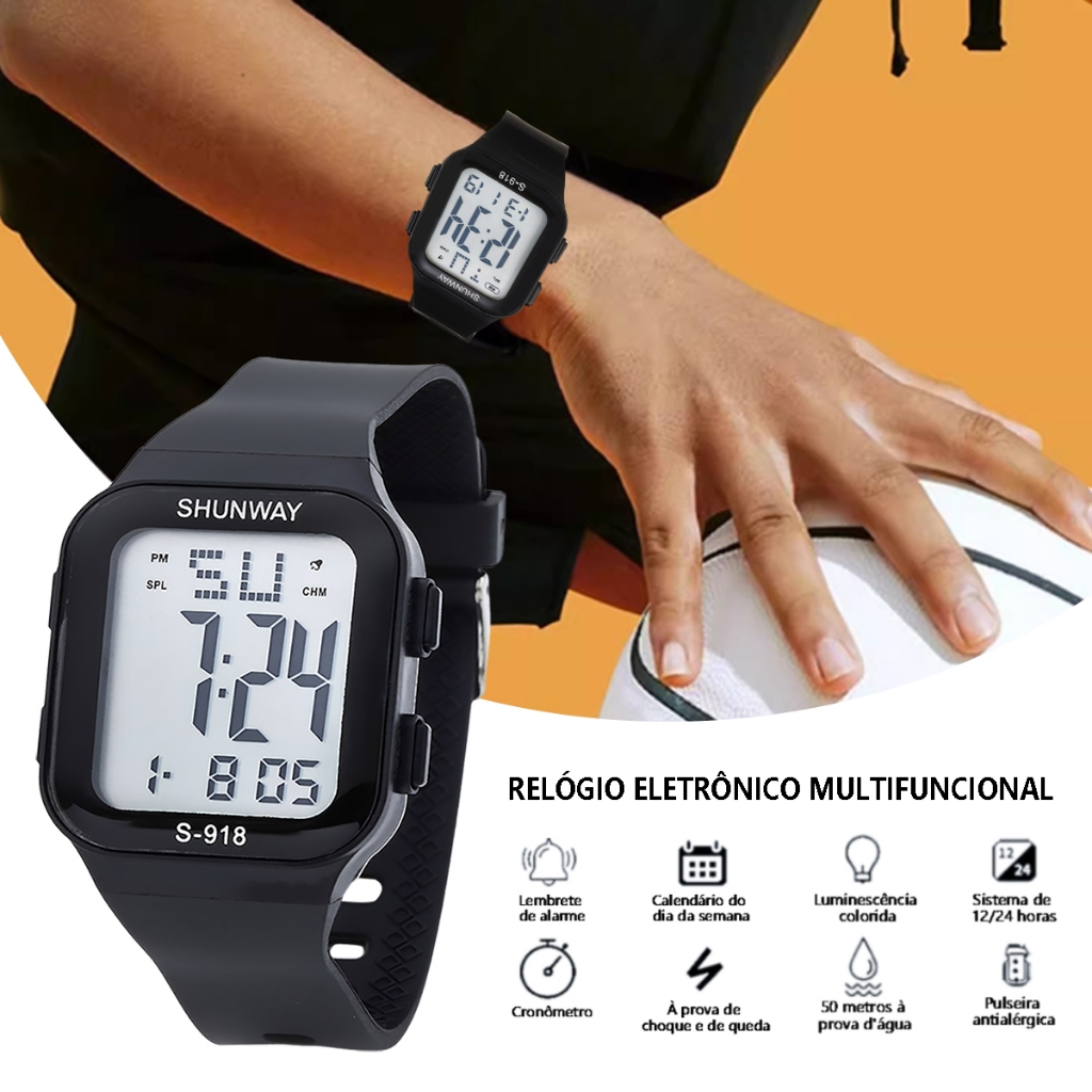Bem-vindo à 💎 loja de relógios 💎 Loja local brasileira (envio em 24 horas)🚀🚀🚀 💖Siga ou compartilhe nossa loja para obter descontos extras! 🌟 Por que nos escolher? ⭐Loja profissional vende apenas relógios. ⭐ +5.000 clientes satisfeitos em nossa loja! ⭐ Produtos testados e aprovados antes do envio! -------------------------------- 🌟 DESTAQUES DO PRODUTO ✅ Design Esportivo Moderno - Mostrador digital extragrande, ideal para uso casual e esportivo ✅ Resistência à Água 50M - Certificado para natação, chuva e atividades aquáticas (com pressionamento subaquático) ✅ Materiais Premium - Pulseira em TPU antialérgica + caixa em ABS resistente a impactos ✅ Visibilidade Noturna - Luz fria de alta intensidade para ambientes escuros -------------------------------- 🛒 POR QUE ESCOLHER O SHUNWAY S-918? ✔ Versatilidade Completa - Gerencie treinos, compromissos e rotinas com um único dispositivo ✔ Durabilidade Comprovada - Resistente a quedas, choques e água (50m de profundidade) ✔ Precisão Garantida - Movimento eletrônico com bateria importada para exatidão ✔ Conforto Superior - Pulseira ajustável e hipoalergênica para uso prolongado ✔ Presente Perfeito - Design unissex que combina com qualquer estilo -------------------------------- 📏 ESPECIFICAÇÕES TÉCNICAS 🔹Modelo: S-918 🔹Dimensões: 250mm (comprimento) x 39mm (diâmetro) x 22mm (espessura) 🔹Materiais: 🔹Pulseira: TPU flexível 🔹Caixa: ABS resistente 🔹Traseira: Aço inoxidável 🔹Espelho: Acrílico anti-riscos 🔹Funções: 🔹Hora, data, dia da semana 🔹Cronômetro (1/100 seg.) 🔹2 tipos de alarme (diário/hora em hora) 🔹Luz fria noturna 🔹Resistência: 50m (WR 50M) com pressionamento subaquático 🔹Bateria: Inclusa (importada) - Longa duração -------------------------------- ❓ PERGUNTAS FREQUENTES 🔹Q: O relógio já vem com bateria instalada? 🔹R: Sim! Inclui bateria importada pronta para uso. 🔹Q: Posso usar no mar ou piscina? 🔹R: Sim! A certificação 50M permite natação e mergulho raso (evite pressionar botões abaixo de 1m). 🔹Q: Como ativar a luz noturna? 🔹R: Pressione a Tecla A (luz fria) para iluminação instantânea. 🔹Q: A pulseira causa alergia? 🔹R: Não! O material TPU é hipoalergênico e testado dermatologicamente. -------------------------------- ⚠️ DICAS DE USO Para vedação à prova d’água: Verifique se a tampa traseira está bem fechada antes de mergulhar. Limpeza pós-mar: Lave com água doce para evitar corrosão. Economize bateria: Use a luz fria apenas quando necessário. Ajuste de pulseira: Utilize os furos extras para melhor adaptação ao pulso. -------------------------------- 🚀 OFERTA EXCLUSIVA SHOPEE ✈ Envio Rápido – Postagem em até 24h após a compra! 💰 Cupom de Desconto – Siga nossa loja e ganhe promoções . ⭐ Garantia de Satisfação – Produto inspecionado antes do envio. 🔒 GARANTIA DE 7 DIAS para trocas! Sem burocracia! #RelógioEsportivo50M#RelógioMasculinoDurável#RelógioCronômetroPreciso#RelógioÀProvaDÁgua#RelógioLongaBateria#RelógioFutebol#RelógioPraia#RelógioCarnaval#RelógioAcademia#RelógioViagem#Parcelamento#KitRelógioComBaterias#OfertaRelâmpago#PresenteMasculino#AprovadoNoBrasil#RelógioImportado#Garantia12Meses#RelógioQueResisteAoSuor#RelógioParaCorridaDiária#PresenteParaHomemAté100Reais#Promoção24Horas#BlackFridayAntecipado#SóHojeComBateriasGrátis
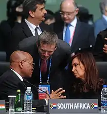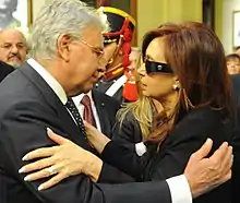 In September 2010, it was announced that Argentina was elected president of the Group of 77+China and prepared to act as a ‘bridge" with G-20 major economies to which it also belongs.[82] She visited Chile during their Bicentenary celebrations where she also assisted at the baptism of a Chilean baby, Anaís Escobar Maldonado, born in the Argentine Hospital deployed at Curico after the earthquake. The visit had a high profile in the media mainly because of the possible extradition to Chile of Sergio Apablaza. She met with president Sebastián Piñera and participated in the festivities at the national stadium.[83] She also confirmed the celebration of the III bi-national cabinet meeting for next October.[84][85] Fernández de Kirchner then departed for New York to give her United Nations General Assembly speech where she once again criticized Britain over the Falklands (Malvinas) issue, and Iran for the 1994 AMIA bombing whilst giving her support for an Israeli-Palestinian dialogue and an eventual Palestinian state.[86] On 30 September she hosted the UNASUR presidents' emergency summit at Buenos Aires due to the Ecuador crisis and started an official visit to Germany the following day in order to participate as a Guest of Honour at the Frankfurt Book Fair[87] and meet with Chancellor Angela Merkel. In October she inaugurates the III News Agencies World Congress to be held in Bariloche.[88] This same month, and as part of the 2006 civilian nuclear-power reactivation program, Fernández reopened the Pilcaniyeu uranium enrichment plant, put on ice in the 1990s, amid worsening shortages of natural gas.[89] Following the death of her spouse (see below), she also resumed activities and flew to South Korea for the G20 Seoul summit. After her return she announces that the Paris Club agrees to debt talks without the International Monetary Fund intervention as proposed by Argentina since 2008. These negotiations will result in the settlement of the last portion of the sovereign debt defaulted in the 2001 crisis after the successful restructuring debts of 2005 and 2009.[90] In November she also participated in the UNASUR Summit at Guyana after which will host the XX Ibero-American Summit at Mar del Plata.
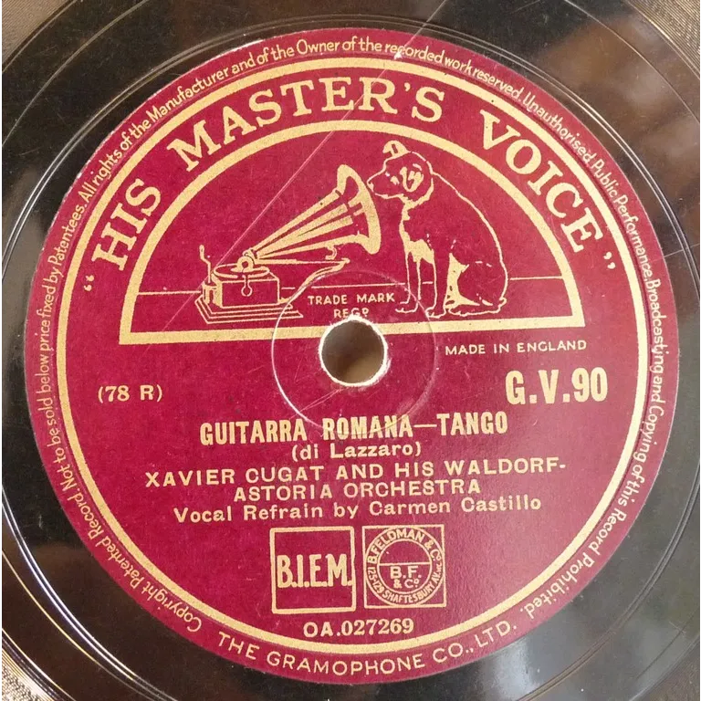 A bolero and a tango as released for the legendary HMV sublabel. Record is V- w/ light marks & dirt residues & constant reasonable surface noise.
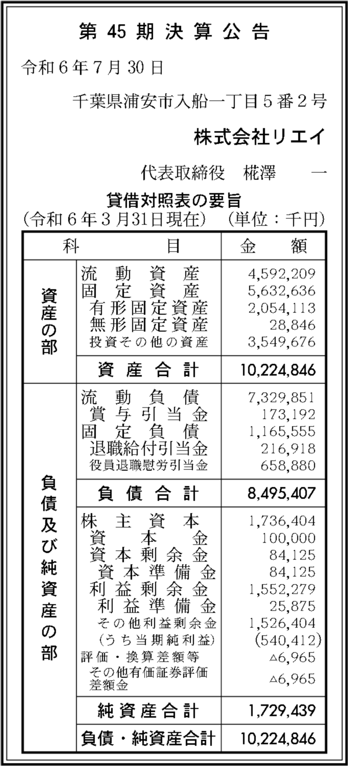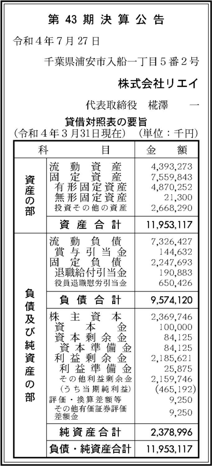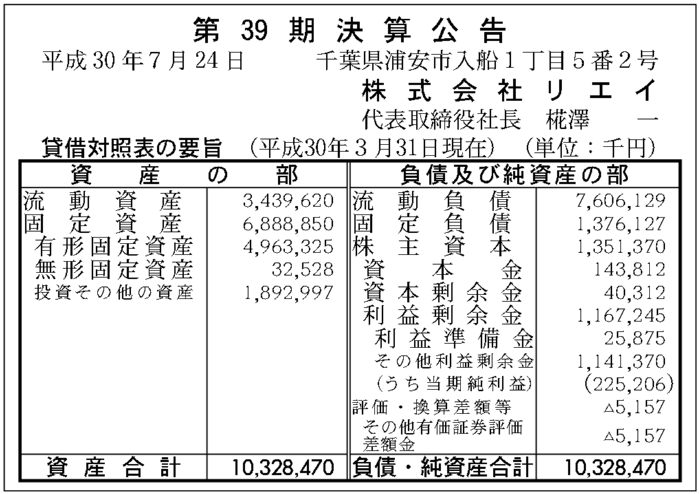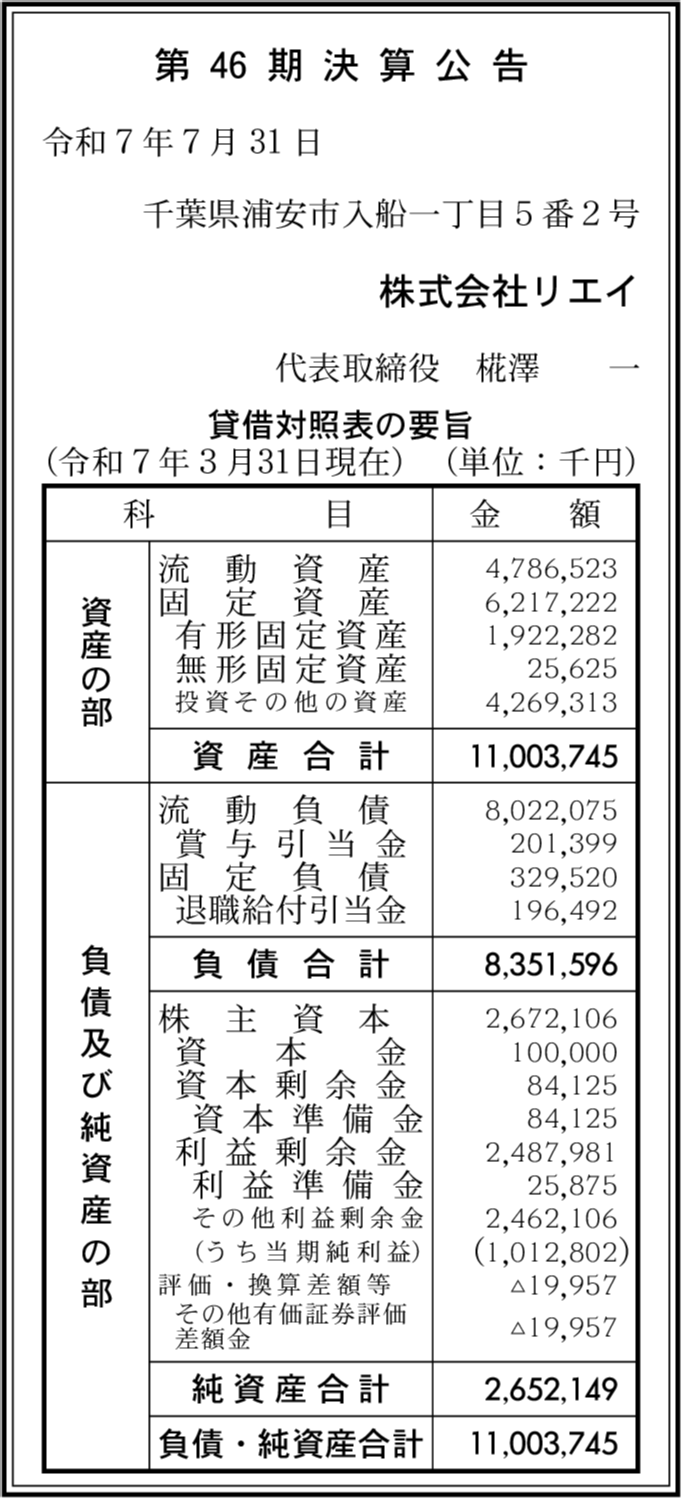 株式会社リエイの過去の決算一覧
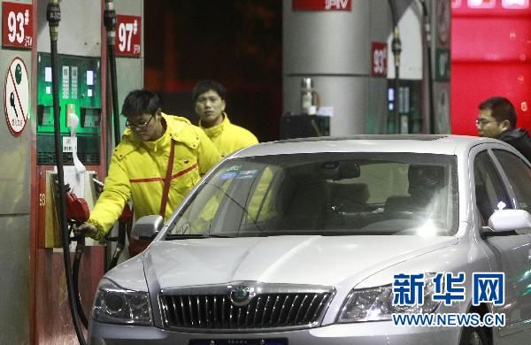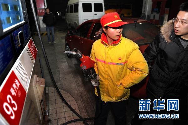 2月20日,青岛福州路一加油站职工正在为顾客加油。国家发展和改革委员会19日宣布,自20日零时起将汽油、柴油价格每吨均提高350元,相当于90号汽油全国平均零售价每升上调0.26元,0号柴油全国平均每升上调0.3元,涨幅为4.5%。新华社记者李紫恒摄
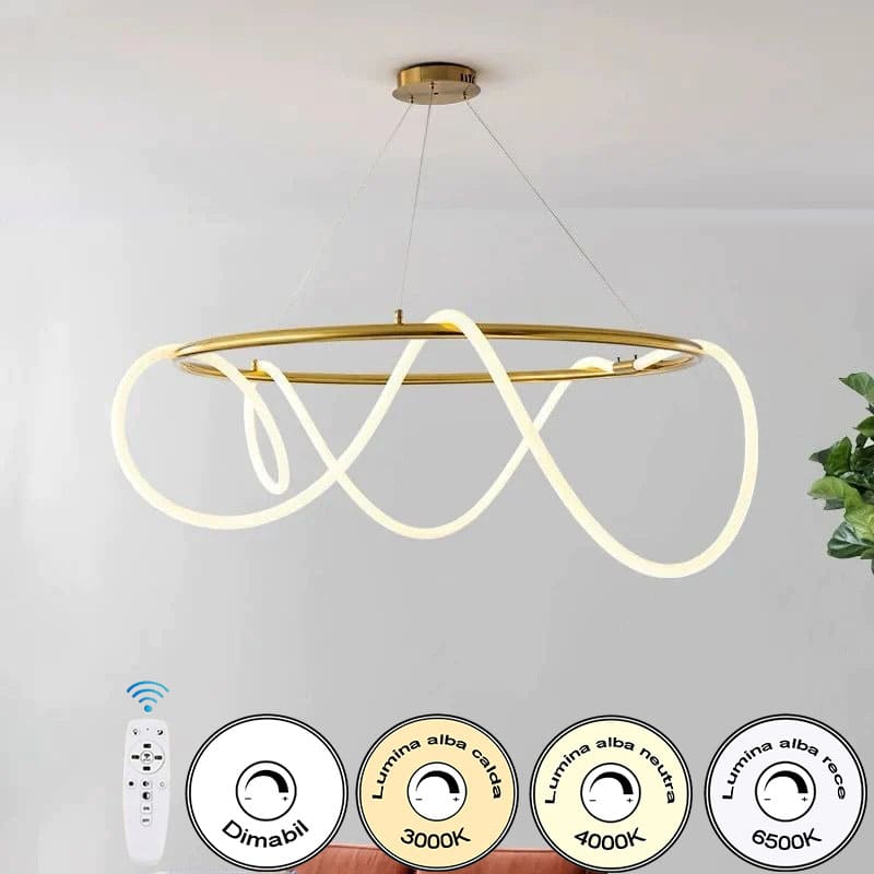 Lustra Led Suspendata Dimabila Neon Flex 45W d600mm Trei Moduri Iluminare iP20 Auriu
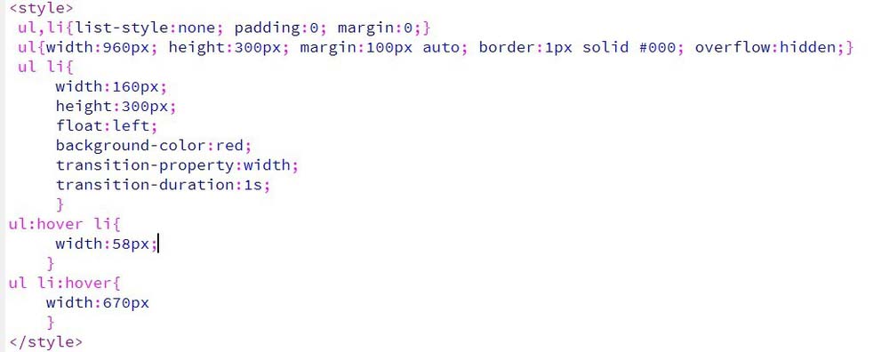 <style> ul,li{list-style:none; padding:0; margin:0;} ul{width:960px; height:300px; margin:100px auto; border:1px solid #000; overflow:hidden;} ul li{width:160px;height:300px;float:left;background-color:red;transition-property:width;transition-duration:1s;}ul:hover li{width:58px;}ul li:hover{width:670px} </style>;輸入完后,摁F12鍵,彈出頁面,可以看到圖片。
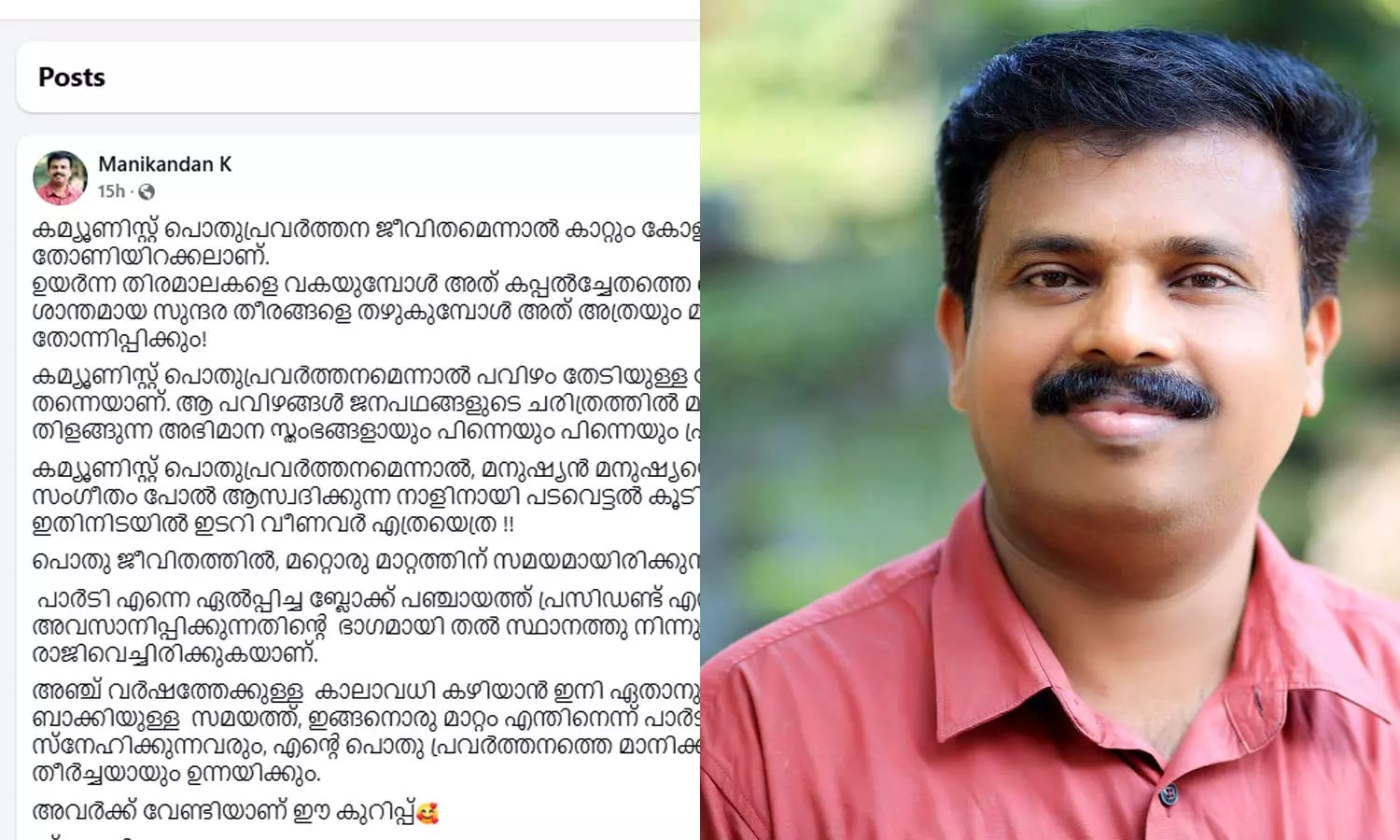 കമ്മീഷന്റെ അയോഗ്യത പ്രഖ്യാപനം ഒഴിവാക്കാനുള്ള മുന്കൂര് നീക്കമായാണ് ഇതിനെ വിലയിരുത്തുന്നത്. നേരത്തെ തന്നെ പാര്ട്ടി രാജിവെക്കുന്നതിലുള്ള അനുമതി മണികണ്ഠന് നല്കിയിരുന്നു. പക്ഷെ നിലമ്പൂര് ഇലക്ഷന് ശേഷം രാജി മതി എന്ന പാര്ട്ടി നിര്ദ്ദേശമനുസരിച്ചാണ് രാജിവെച്ചത് എന്നാണ് വിലയിരുത്തല്. വിശദമായ കുറിപ്പാണ് മണികണ്ഠന് ഫേസ്ബുക്കില് രേഖപ്പെടുത്തിയത്.
-*-
## EXERCISE PROMPT
Every line from the one holding "A bolero and" through the final line of the data above is to be reproduced exactly, both ends included, with the pictures left out.

## EXERCISE RESPONSE
 A bolero and a tango as released for the legendary HMV sublabel. Record is V- w/ light marks & dirt residues & constant reasonable surface noise.
 株式会社リエイの過去の決算一覧
 2月20日,青岛福州路一加油站职工正在为顾客加油。国家发展和改革委员会19日宣布,自20日零时起将汽油、柴油价格每吨均提高350元,相当于90号汽油全国平均零售价每升上调0.26元,0号柴油全国平均每升上调0.3元,涨幅为4.5%。新华社记者李紫恒摄
 Lustra Led Suspendata Dimabila Neon Flex 45W d600mm Trei Moduri Iluminare iP20 Auriu
 <style> ul,li{list-style:none; padding:0; margin:0;} ul{width:960px; height:300px; margin:100px auto; border:1px solid #000; overflow:hidden;} ul li{width:160px;height:300px;float:left;background-color:red;transition-property:width;transition-duration:1s;}ul:hover li{width:58px;}ul li:hover{width:670px} </style>;輸入完后,摁F12鍵,彈出頁面,可以看到圖片。
 കമ്മീഷന്റെ അയോഗ്യത പ്രഖ്യാപനം ഒഴിവാക്കാനുള്ള മുന്കൂര് നീക്കമായാണ് ഇതിനെ വിലയിരുത്തുന്നത്. നേരത്തെ തന്നെ പാര്ട്ടി രാജിവെക്കുന്നതിലുള്ള അനുമതി മണികണ്ഠന് നല്കിയിരുന്നു. പക്ഷെ നിലമ്പൂര് ഇലക്ഷന് ശേഷം രാജി മതി എന്ന പാര്ട്ടി നിര്ദ്ദേശമനുസരിച്ചാണ് രാജിവെച്ചത് എന്നാണ് വിലയിരുത്തല്. വിശദമായ കുറിപ്പാണ് മണികണ്ഠന് ഫേസ്ബുക്കില് രേഖപ്പെടുത്തിയത്.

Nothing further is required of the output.